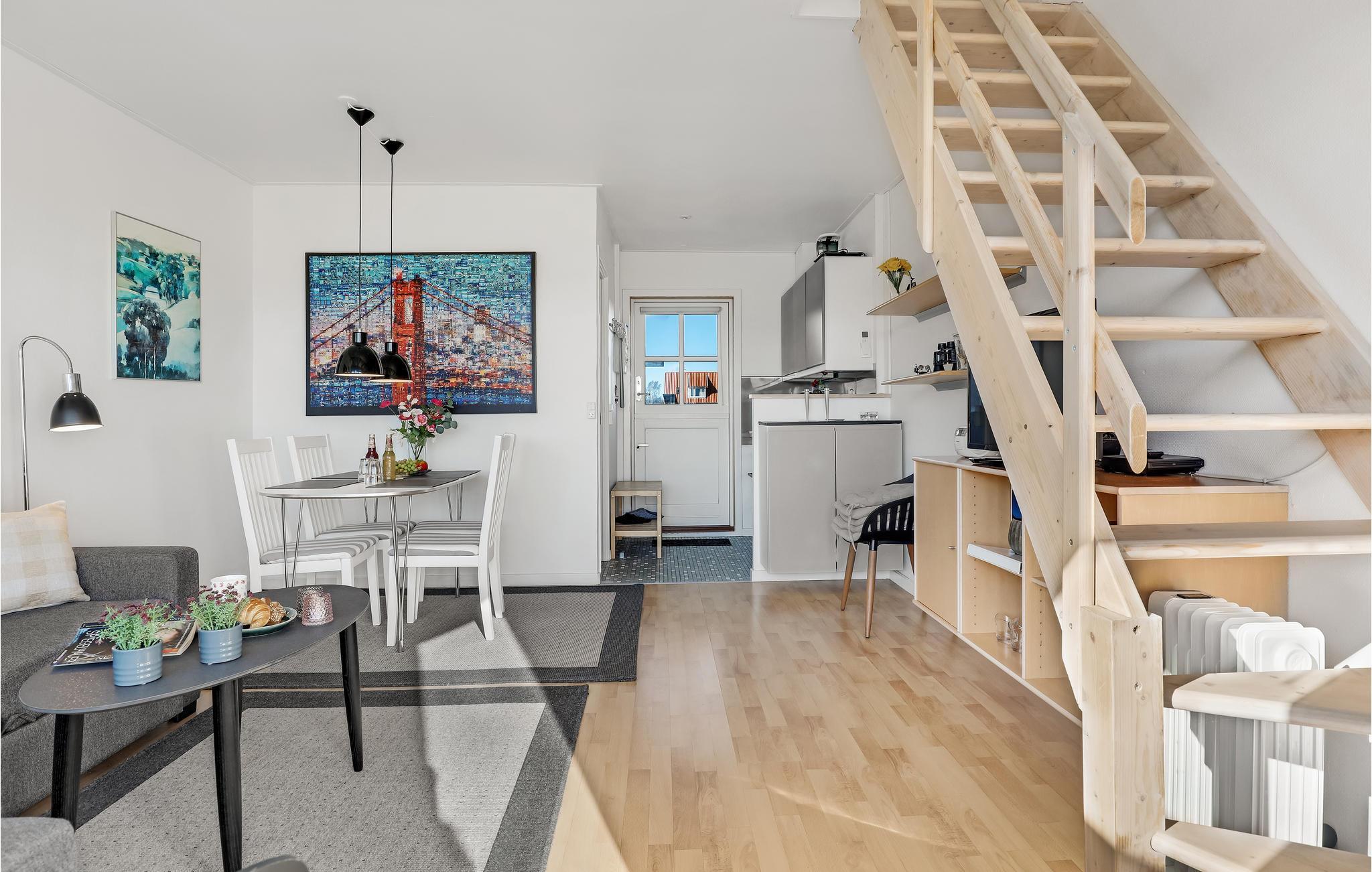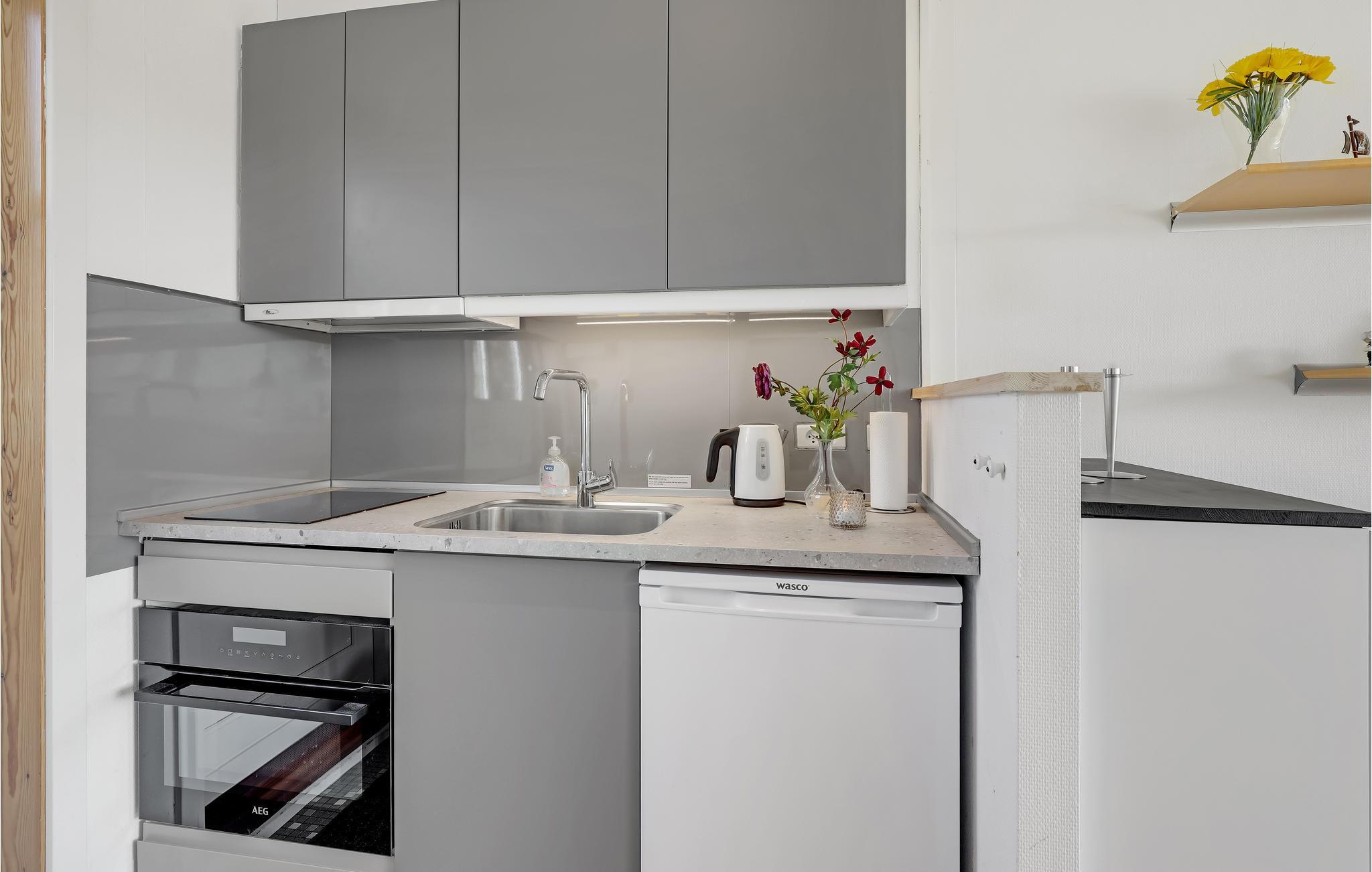 Lejligheden er lyst og venligt indrettet med sovesofa for to personer (150 cm) og en hems med to boksmadrasser (ikke ståhøjde). Fra stuen er der udgang til en privat terrasse med havemøbler og grill, så der er basis for mange skønne sommeraftener under åben himmel.
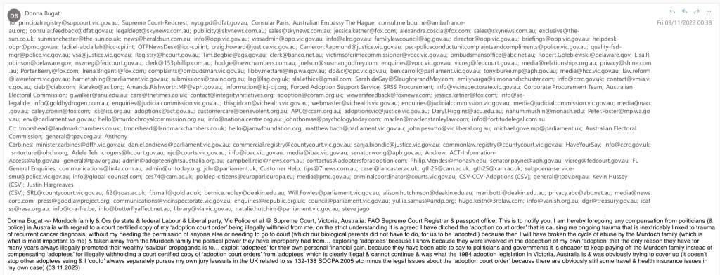 Donna Bugat -v- Murdoch family & Ors (ie state & federal Labour & Liberal party, Vic Police et al @ Supreme Court, Victoria, Australia: FAO Supreme Court Registrar & passport office: This is to notify you, I am hereby foregoing any compensation from politicians (& police) in Australia with regard to a court certified copy of my ‘adoption court order’ being illegally withheld from me, on the strict understanding it is agreed I have ditched the ‘adoption court order’ that is causing me ongoing trauma that is inextricably linked to trauma of recurrent cancer diagnosis, without my needing the permission of anyone else or needing to go to court (which our biological parents did not have to do, for us to be ‘adopted’) because then I will have broken the cycle of abuse by the Murdoch family (which is what is most important to me) & taken away from the Murdoch family the political power they have improperly had from… exploiting ‘adoptees’ because I know because they were involved in the deception of my own ‘adoption’ that the only reason they have for many years always illegally promoted their wealthy ‘saviour’ propaganda is to… exploit ‘adoptees’ for their own personal financial gain, because they have been able to say to politicians and governments it is cheaper to keep paying off the Murdoch family instead of compensating ‘adoptees’ for illegally withholding a court certified copy of ‘adoption court orders’ from ‘adoptees’ which is clearly illegal & cannot continue & was what the 1984 adoption legislation in Victoria, Australia is & was obviously trying to cover up (it doesn’t stop other adoptees suing & I ‘could’ always separately pursue my own jury lawsuits in the UK related to ss 132-138 SOCPA 2005 etc minus the legal issues about the ‘adoption court order’ because there are obviously still some travel & health insurance issues in my own case) (03.11.2023)
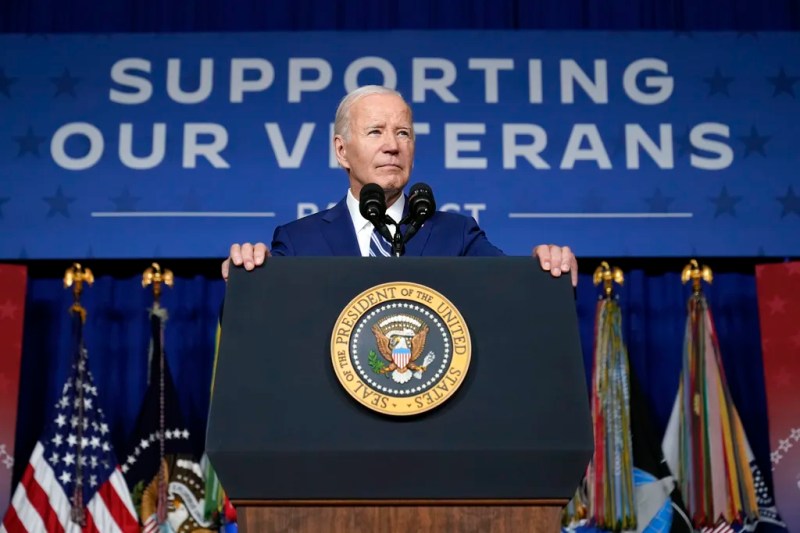 FILE – President Joe Biden speaks at the George E. Wahlen Department of Veterans Affairs Medical Center, Aug. 10, 2023, in Salt Lake City. Recent statements by Republican presidential candidate former President Donald Trump have fueled Democrats' sense that there's an opening among voters with strong military ties, and progressive veterans' organizations are working to bridge the gap with what has long been a reliably red constituency. (AP Photo/Alex Brandon, File)

TASK DIRECTIONS: Copy all of the material word for word, and include none of its pictures.

RESPONSE AREA:
 Lejligheden er lyst og venligt indrettet med sovesofa for to personer (150 cm) og en hems med to boksmadrasser (ikke ståhøjde). Fra stuen er der udgang til en privat terrasse med havemøbler og grill, så der er basis for mange skønne sommeraftener under åben himmel.
 Donna Bugat -v- Murdoch family & Ors (ie state & federal Labour & Liberal party, Vic Police et al @ Supreme Court, Victoria, Australia: FAO Supreme Court Registrar & passport office: This is to notify you, I am hereby foregoing any compensation from politicians (& police) in Australia with regard to a court certified copy of my ‘adoption court order’ being illegally withheld from me, on the strict understanding it is agreed I have ditched the ‘adoption court order’ that is causing me ongoing trauma that is inextricably linked to trauma of recurrent cancer diagnosis, without my needing the permission of anyone else or needing to go to court (which our biological parents did not have to do, for us to be ‘adopted’) because then I will have broken the cycle of abuse by the Murdoch family (which is what is most important to me) & taken away from the Murdoch family the political power they have improperly had from… exploiting ‘adoptees’ because I know because they were involved in the deception of my own ‘adoption’ that the only reason they have for many years always illegally promoted their wealthy ‘saviour’ propaganda is to… exploit ‘adoptees’ for their own personal financial gain, because they have been able to say to politicians and governments it is cheaper to keep paying off the Murdoch family instead of compensating ‘adoptees’ for illegally withholding a court certified copy of ‘adoption court orders’ from ‘adoptees’ which is clearly illegal & cannot continue & was what the 1984 adoption legislation in Victoria, Australia is & was obviously trying to cover up (it doesn’t stop other adoptees suing & I ‘could’ always separately pursue my own jury lawsuits in the UK related to ss 132-138 SOCPA 2005 etc minus the legal issues about the ‘adoption court order’ because there are obviously still some travel & health insurance issues in my own case) (03.11.2023)
 FILE – President Joe Biden speaks at the George E. Wahlen Department of Veterans Affairs Medical Center, Aug. 10, 2023, in Salt Lake City. Recent statements by Republican presidential candidate former President Donald Trump have fueled Democrats' sense that there's an opening among voters with strong military ties, and progressive veterans' organizations are working to bridge the gap with what has long been a reliably red constituency. (AP Photo/Alex Brandon, File)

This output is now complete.